### [How to complete this task]
Leaving out all pictures, transcribe the lines below exactly, from the first through the line containing "シンシアローリー CYNTHIA ROWLEY".

### [Data excerpt]

-------

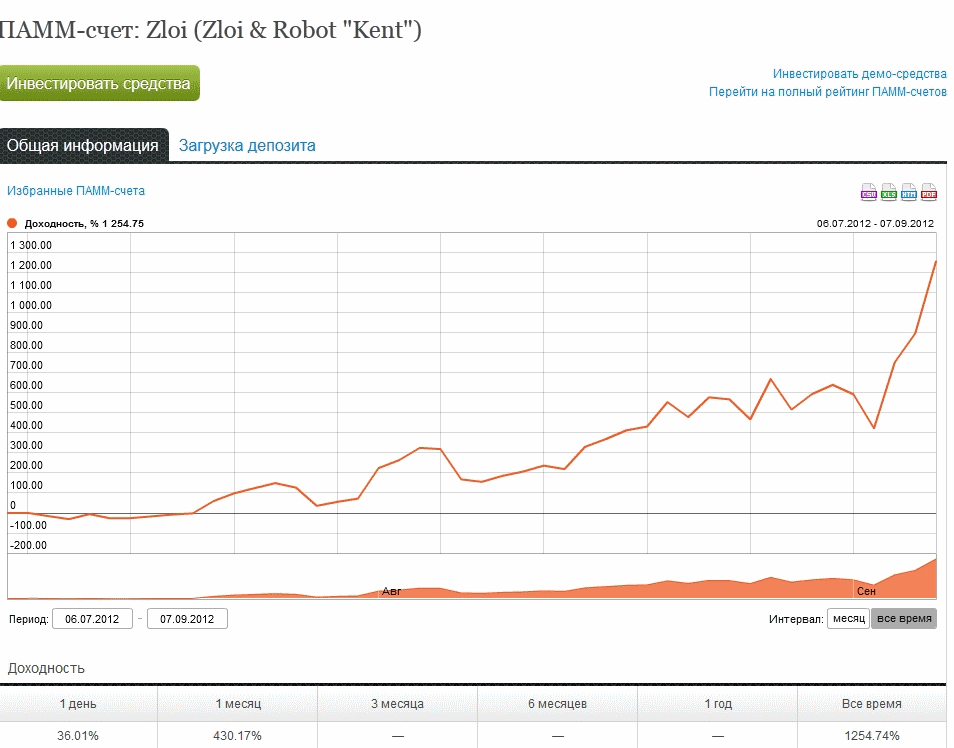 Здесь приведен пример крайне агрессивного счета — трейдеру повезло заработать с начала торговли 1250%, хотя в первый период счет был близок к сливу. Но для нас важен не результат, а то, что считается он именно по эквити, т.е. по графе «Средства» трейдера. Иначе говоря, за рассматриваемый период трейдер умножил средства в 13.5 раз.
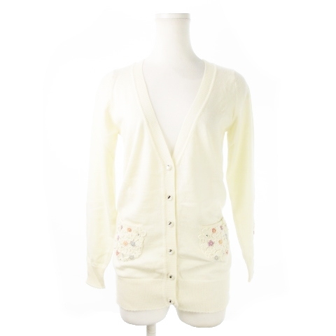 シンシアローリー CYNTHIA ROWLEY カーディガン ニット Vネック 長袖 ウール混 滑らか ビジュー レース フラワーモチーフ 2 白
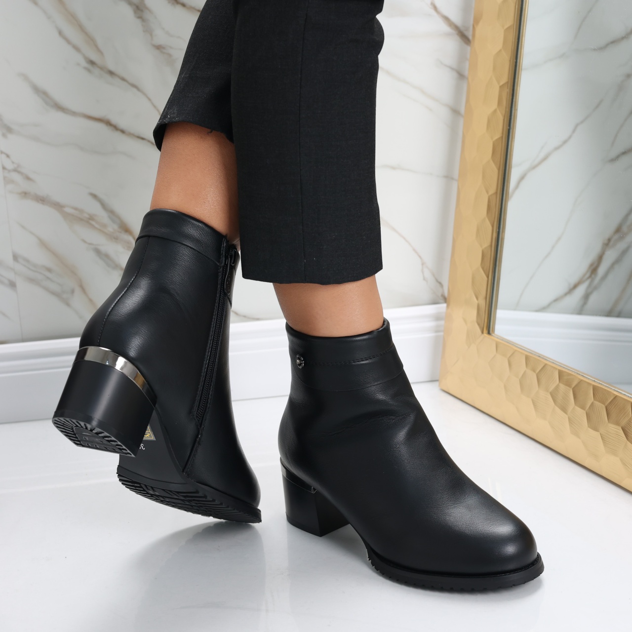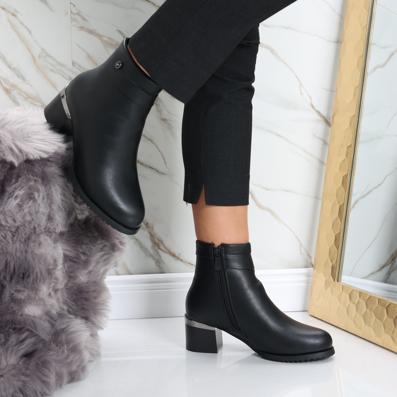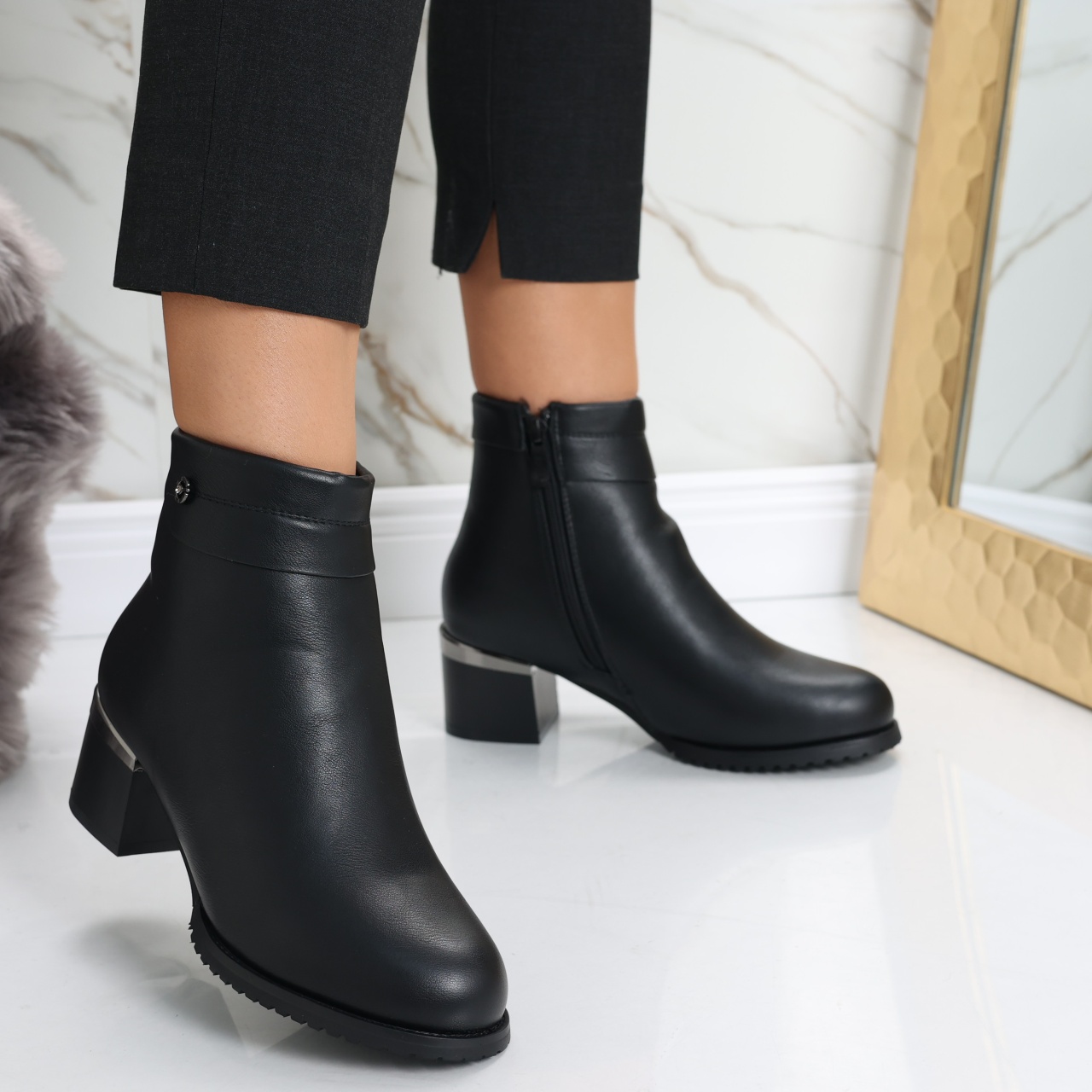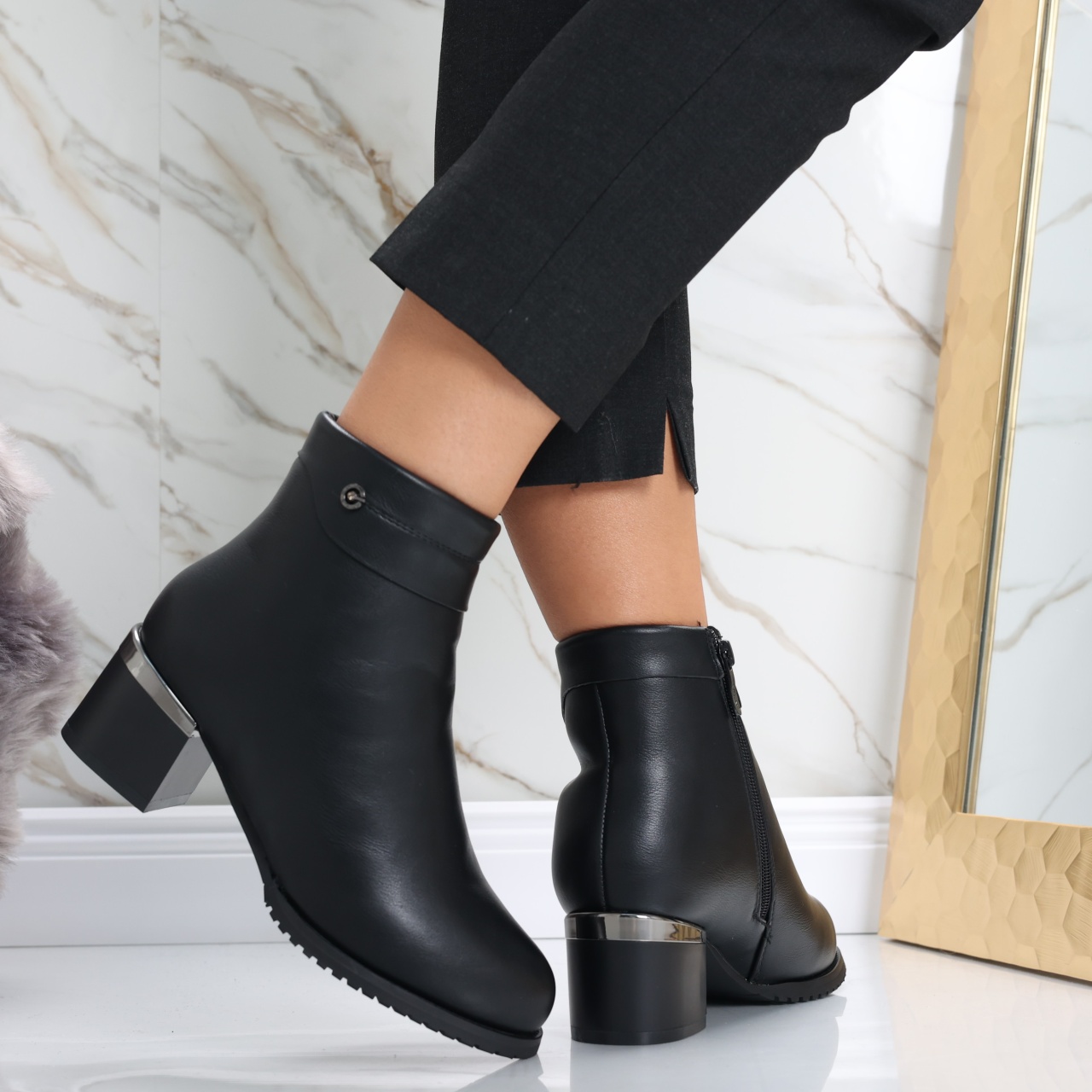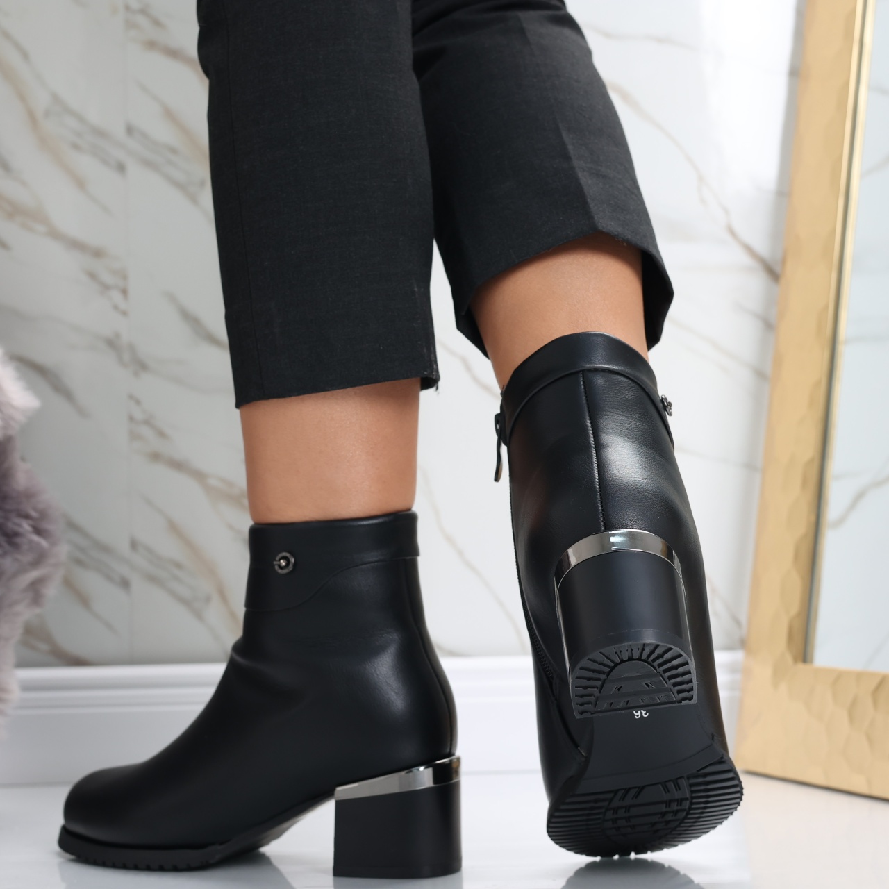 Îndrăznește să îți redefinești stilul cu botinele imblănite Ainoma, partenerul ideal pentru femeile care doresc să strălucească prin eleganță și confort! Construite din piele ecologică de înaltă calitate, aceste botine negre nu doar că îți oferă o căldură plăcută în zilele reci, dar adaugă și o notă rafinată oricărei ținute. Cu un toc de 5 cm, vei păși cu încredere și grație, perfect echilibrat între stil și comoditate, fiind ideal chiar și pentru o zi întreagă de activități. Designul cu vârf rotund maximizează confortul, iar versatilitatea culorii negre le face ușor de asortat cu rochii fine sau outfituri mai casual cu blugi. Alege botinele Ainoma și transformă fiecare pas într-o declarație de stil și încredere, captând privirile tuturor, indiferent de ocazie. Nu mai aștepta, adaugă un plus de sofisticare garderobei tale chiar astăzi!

-------

### [Answer below]
 Здесь приведен пример крайне агрессивного счета — трейдеру повезло заработать с начала торговли 1250%, хотя в первый период счет был близок к сливу. Но для нас важен не результат, а то, что считается он именно по эквити, т.е. по графе «Средства» трейдера. Иначе говоря, за рассматриваемый период трейдер умножил средства в 13.5 раз.
 シンシアローリー CYNTHIA ROWLEY カーディガン ニット Vネック 長袖 ウール混 滑らか ビジュー レース フラワーモチーフ 2 白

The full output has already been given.